3.3.2 Collectivist Social Environments

Social norms within Asian collectivist contexts are often oriented toward hierarchy, and individuals within these societies may find acting upon requests from superiors more agreeable than requests from friends (Hwang, 2012). Studies have indicated that decisions made in agreement with a need-supportive authority may promote well-being (Chen,

Vansteenkiste, Beyers, Soenens, & Van Petegem, 2013). This phenomenon may stem from cultural norms of positive reciprocal relationships between social levels. Collectivist cultures such as Japan, China, Korea, and Taiwan have shown a greater orientation towards control from parents (Tseng, 2004). However, while this may represent the general trend within these societies, certain qualitative differences moderate how individuals experience top-down control.
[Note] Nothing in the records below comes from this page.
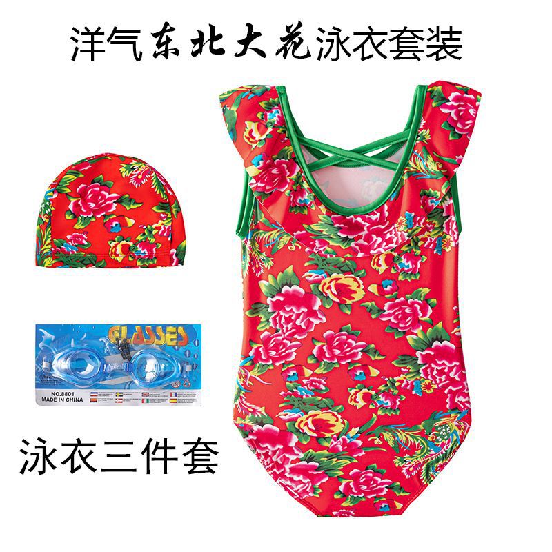 • 큰 꽃무늬 수영복, 수영 고글, 수영 모자
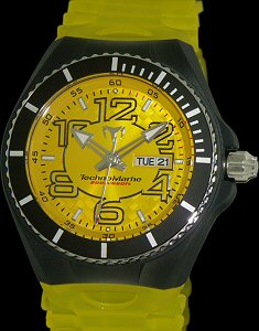 Technomarine Cruise 3-Hand watch. Quartz movement with day/date calendar, steel 316L case with black gel cover, uni-directional rotating bezel, yellow dial with carbon fiber texture, yellow gel strap with quick-release feature. Water resistant to 200 meters.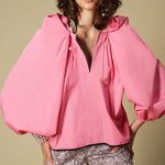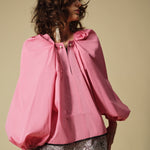 Balloon sleeve gather v-neck top with pearl pin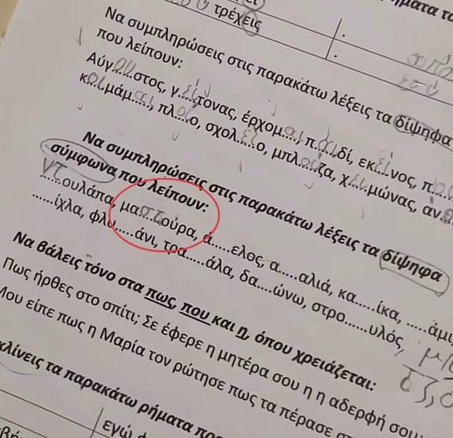 Στο επίμαχο φυλλάδιο η λέξη μαστούρα που επίλεξε να συμπληρώσει ο μαθητής προβληματίζει καθώς είναι μια λέξη που δεν αρμόζει να είναι στο λεξιλόγιο του καθώς η σωστή θα ήταν μαγκούρα.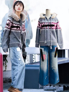 现货田曦薇同款提花毛衣外套女25秋冬新款气质拉链连帽针织开衫女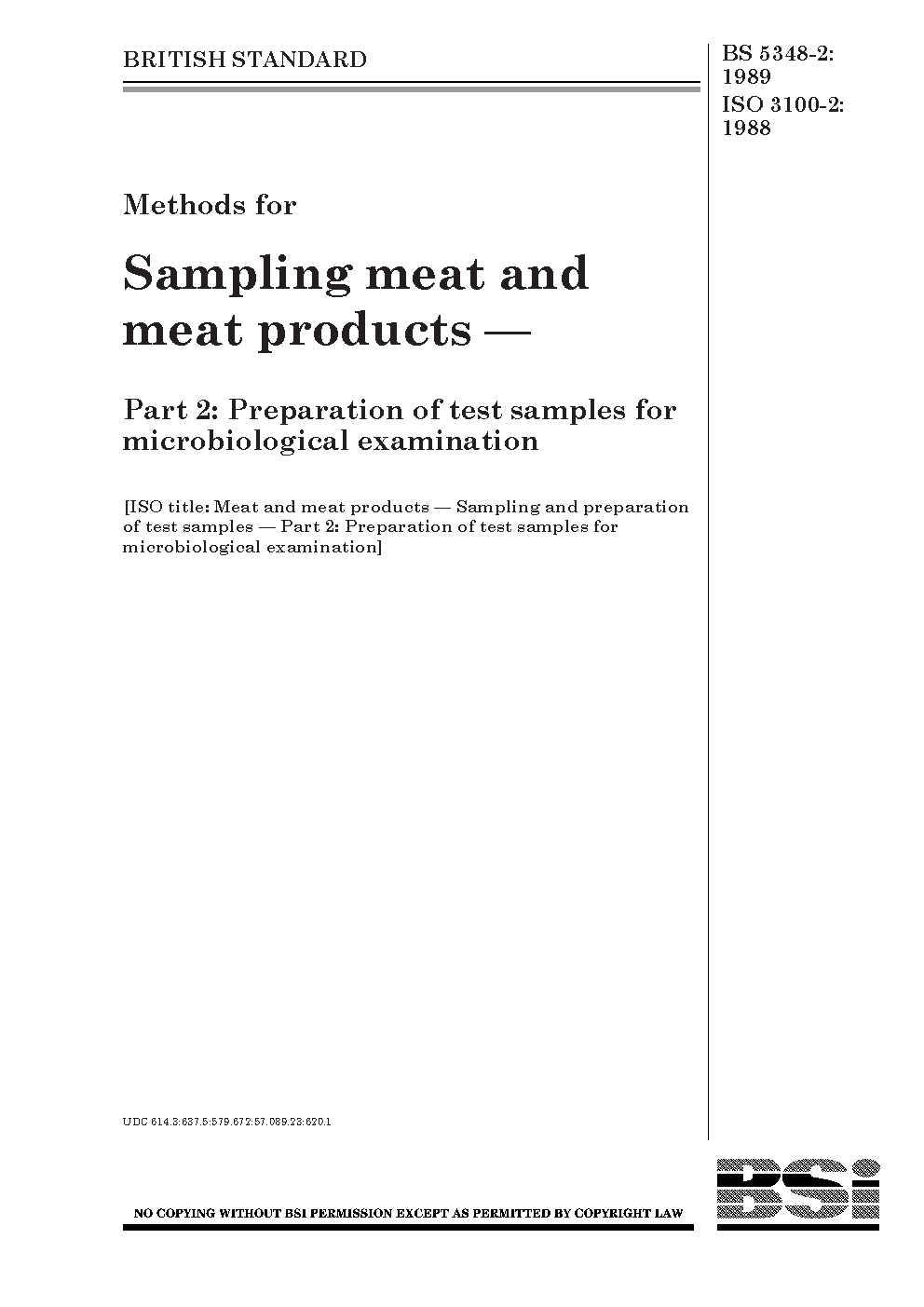 Methods for sampling meat and products Preparation of test samples microbiological examination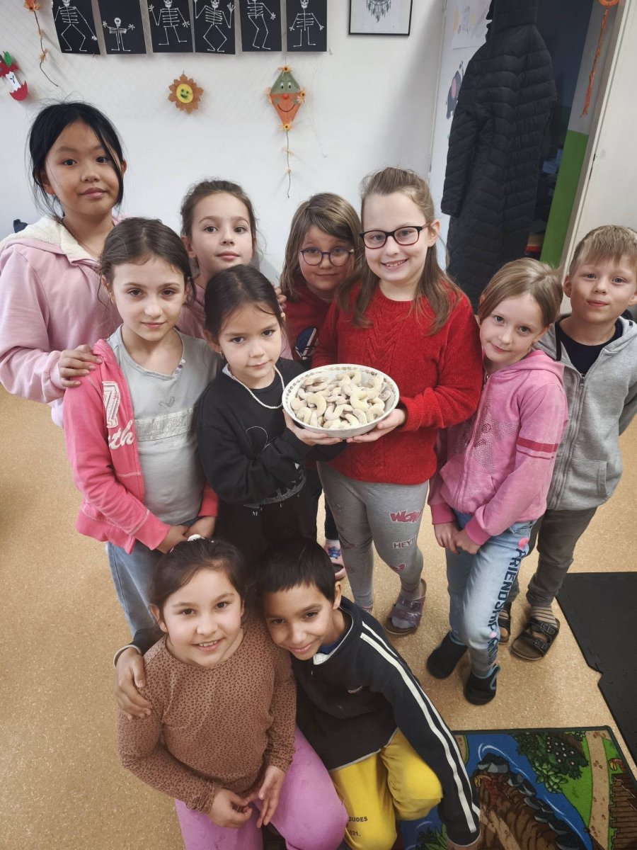 Listopad je sice podzimní měsíc, ale už má vánoční nádech. Žáci poctivě celý měsíc vyráběli ozdoby na třídní stromeček a drobnosti na vánoční trh, který se konal první adventní neděli (30.11.). Ten jsme si všichni moc užili a děkujeme návštěvníkům za podporu. Snad jsme všem udělali radost předvánočním koncertem v kostele sv. Ondřeje. Děti v družinkách vyráběly i pro charitativní účely. Také se účastní sbírek Šance a všechny dárečky od nich poputují do Plzně na onkologické centrum. Také půjdeme podpořit místní útulek Dogsy, kde máme se sborem a flétničkami připravené vystoupení na akci Stromeček pro pejsky (20.12.).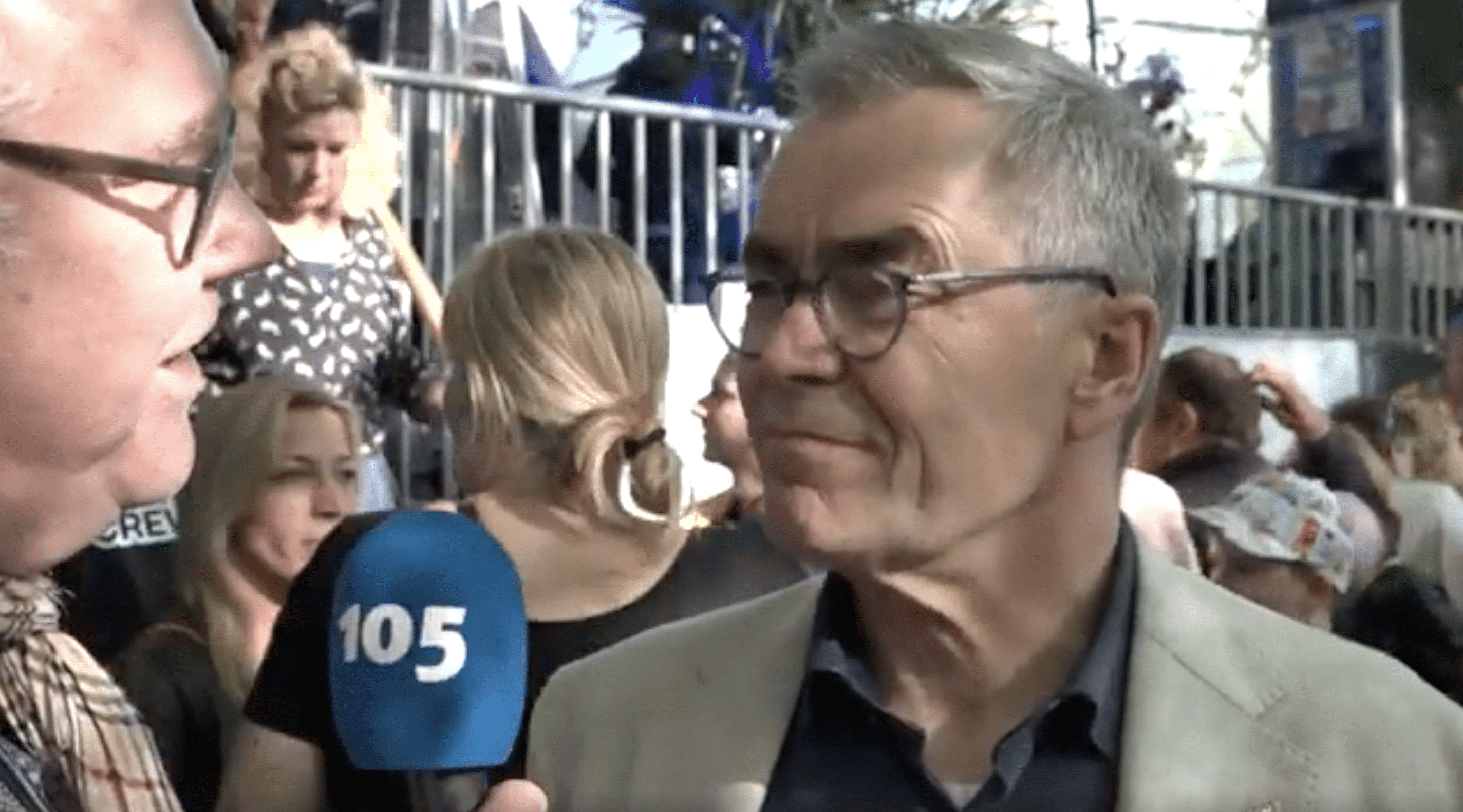 Verslaggever Jan Gaus trekt burgemeester Jos Wienen aan zijn jasje. Hoe heeft hij 4 en 5 mei tot nu toe ervaren?

Confucian ethics describe the concept of benevolent (as opposed to tyrannical or oppressive) authority, and maintaining order and balance requires authority figures to act with a view to the benefit of those lower in the social hierarchy (Chen & Farh, 2010). Within this paradigm, those above who are just, act in the interests of their subordinates, and attempt to harmonize are superior to those who coerce, are heavy-handed, or arbitrary. Teachers, parents, and leaders have an obligation to be authoritative, reasonable, and exert power in the interests of the subordinate; that is to say, authority must not simply be authoritarian and controlling.

While this is certainly not always the case in reality, this perspective may help to better understand the culturally socialized experience of autonomy in Confucian- related societies. Just as indicated in self-determination theory, East Asian cultural norms also indicate that the quality of interaction between teachers as authorities and students as subordinates must agree with the latter’s personal orientations (Littlewood, 1999; Chen, Vansteenkiste, Beyers, Soenens, & Van Petegem, 2013), even when the catalyst for action comes primarily from above. Asian learners also may feel more comfortable maintaining harmony with authority (Hau & Ho, 2010).

As with other East Asian countries, Japan also follows codes of Confucian ethics in

hierarchical social relations to a greater or lesser extent (Hwang, 2012, pp. 207–213).

Psychological interdependence between social levels is a well-documented phenomenon in Japanese culture (Doi, 1994; Tseng, 2004). In accordance with the idea of benevolent authority, nurturing relationships between teachers and students are also central to the classroom environment, especially in primary settings (Lewis, 1995).

As discussed earlier in this Chapter, the majority of elementary schools in Japan focus on fulfilling expected group and social roles (Cave, 2007), including vertical relationships.

However, this acceptance of hierarchical inequality extends only so far as instructions and directions are not perceived as objectionable. Indeed, Japanese students have generally been known to react strongly, even violently, to authorities perceived to exert non-legitimate power, even as early as elementary school (Kawakami, 1999). Thus, while respect for authority may be considered a virtue in Japanese society, the exercise of authority and control is couched in its ability to maintain order and smooth social relations.

As a result, the most successful elementary schools in Japan have been posited to be so not because of control from above, but due to the use of authority in support of students’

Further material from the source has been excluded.